Okay. But there is a little bit of unpredictability about China and the lockdown and what they deem allowable. And so how do you guys just -- how do you get comfortable with that? Is a virtual inspection possible at all?

Well, we know that in the past 2 years with other sponsors, we know that paper-based inspections for BLAs have been conducted. In fact, we know there are some examples of Asian-based CDMOs who have supported paper-based inspections that led to an approved product. So that is possible. The FDA can do that. Again, we also know that during COVID in November, that Wuxi hosted that hybrid inspection, which was the Shanghai team. Of course, right now, the situation in Shanghai has been relatively significantly locked down. We're all following the same news that you guys do. But we know that 4 weeks ago, we had a mock inspector, who is based in Shanghai, who we hired to effectively do a mock inspection on the facility and Wuxi was able to have her in. She came from Shanghai. So very recently, it was possible for people to move from Shanghai to Wuxi to do that. So our hope is that, again, 1 of those 3 scenarios over the next period of time now that we have more time, we'll be able to have.

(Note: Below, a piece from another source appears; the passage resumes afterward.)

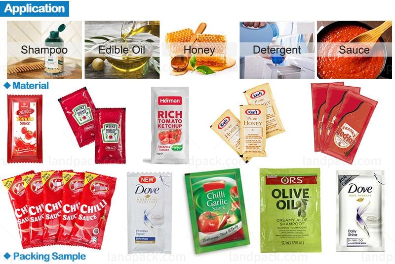 | Applicable industry | High speed 10 lane liquid 3/ 4 sealing sachet packaging machine, it is suitable for liquid products containing fine particles such as chili sauce, chutney, bean paste, instant noodle sauce, ketchup, paste, honey, cream, milk, butter, water, oil, vinegar, liquid seasoning, shampoo,etc. |

Okay. So now, I guess, let's talk about the competitive landscape for Pompe for a couple of minutes. Sanofi basically owns that market and has owned it for some time. So people who talk about the opportunity that Amicus would have if you get approval, to me, it kind of -- it's a 2-pronged question. Number one, what is your label going to look like? So would you get a full label or could it be limited to, let's say, patient switch? And then secondly, how -- I guess, how entrenched do you think Sanofi is with the doctors who would be prescribing these therapies? And where do you think the opportunity would be for Amicus to penetrate. So if we can talk about those things.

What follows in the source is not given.